Here is a sampling of some of our recent encounters with Laird:
Laird and I at the fabric store
Woman squeaks her boot on the floor which makes an interesting sound as we walk by…
Laird: Mommy, she farted.
Me: Ignore him, he’ll forget about it.
Laird (a little louder): Mommy, she made a fart.
Me: Again, ignore and redirect. Wow, Laird, look at all the colorful ribbons!
Laird: She made a fart, Mommy (this time she heard him).
Me: Not at all prepared to deal with such a situation so early in his years, I now explain that it isn’t polite (generally) to point out when other people fart. Because, a lot of things sound like farts, but are not farts. Blah, blah, blah. A few weeks after this incident, he reminded me that “we don’t say when people fart.”
After getting home from work
Me: Laird, did you have a good day? How was Liz’s (babysitter) house?
Laird, smiling: Oh good, I didn’t hit Sophie (Liz’s daughter).
Me, clarifying: You didn’t hit Sophie?
Laird: Yeah, I didn’t hit Sophie!
At the dinner table
Me: Laird, you have beautiful eyes.
Laird: I know.
Talking about Baby L
Me: Mommy has a baby in her tummy.
Laird (looking down at his belly): I have a baby too!

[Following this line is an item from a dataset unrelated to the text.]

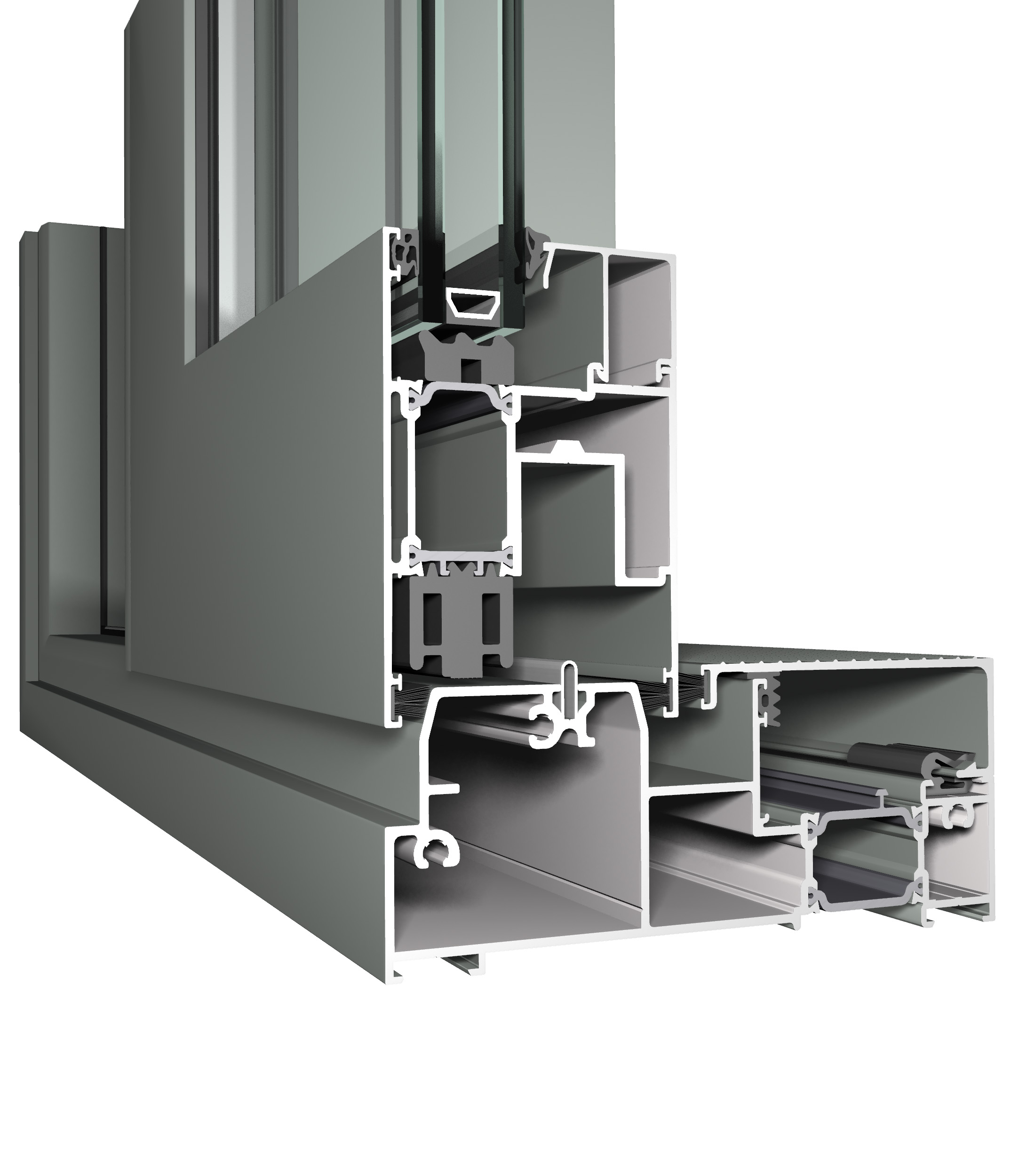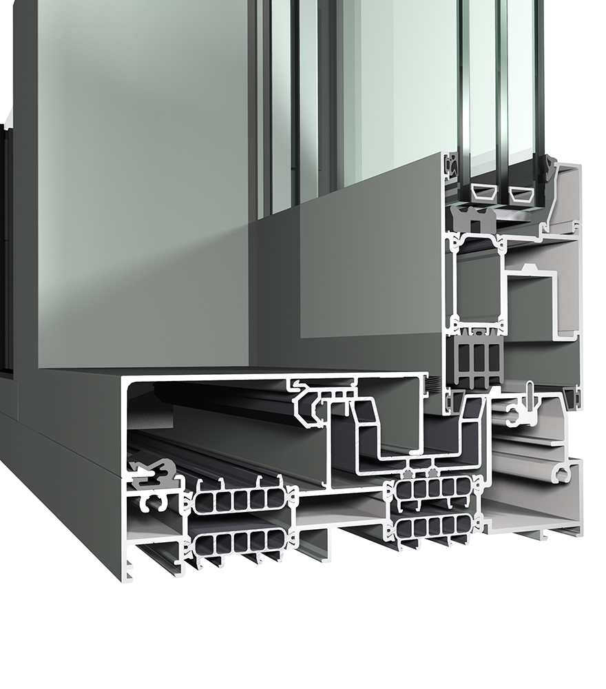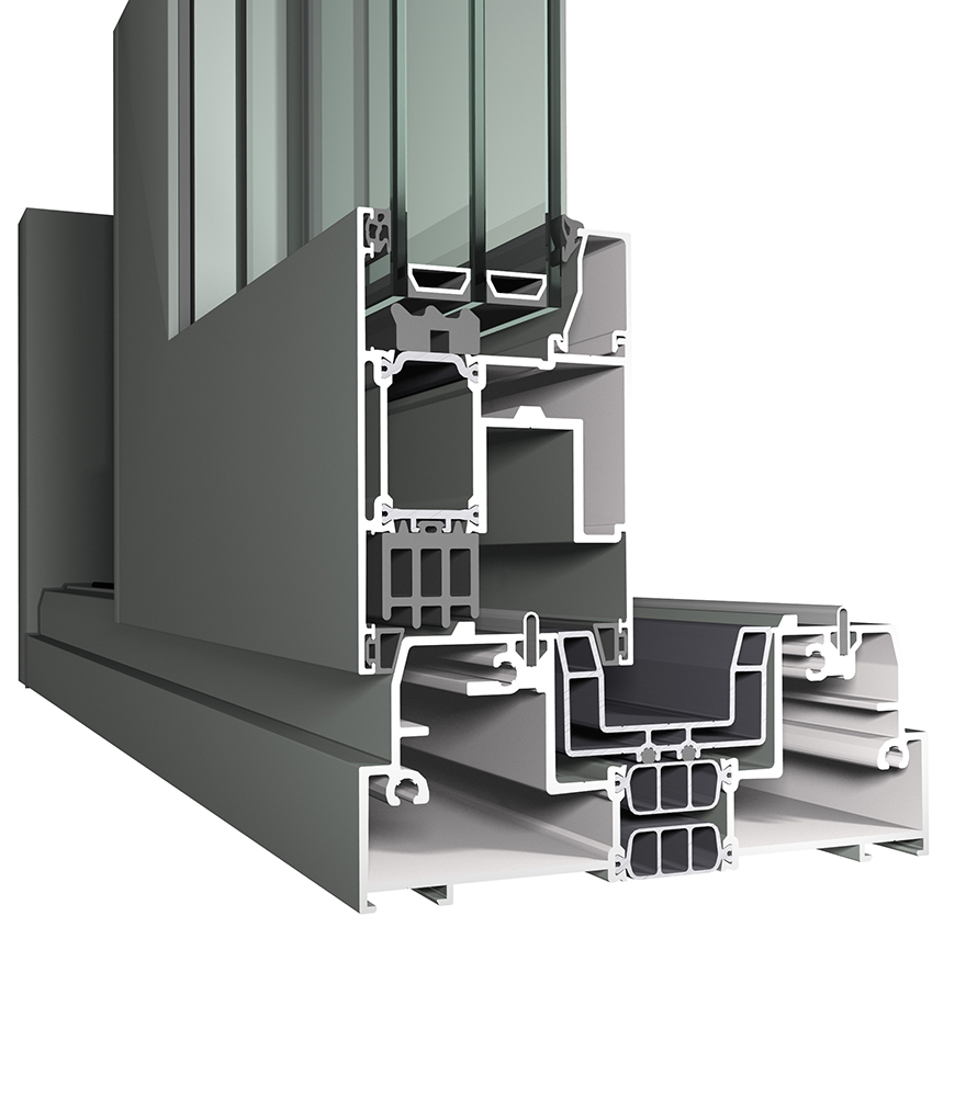 Durch sein einzigartiges Isolierkonzept bietet das System extreme Stabilität und erhöhte Schlagregen- und Luftdichtigkeit und eignet sich perfekt zur Dreifachverglasung.

Me: Oh, you do? What’s her name?
Laird: Baby Lilah.
Me: Oh, okay.
Later, I retell this story to Curt, who then informs me that Lilah is, in fact, the babysitter’s cat.
Getting ready to leave the house:
Me: C’mon, dude, we gotta go.
Laird: I’m not dude. I’m Laird.
Laird’s potty accident
Curt: Go potty, Laird, we’re going.
A couple minutes later…
Curt: Did you go potty, Laird? Where are your pants and undies?
Laird: They’re dirty, they’re in the washer.
Curt: They’re not dirty, they’re fine, let’s put them back on.
Laird: No, they’re dirty.
Curt goes to the washer and finds Laird’s little undies and pants soaked with pee. 🙂 Apparently, he didn’t make it and was cleaning up his own mess.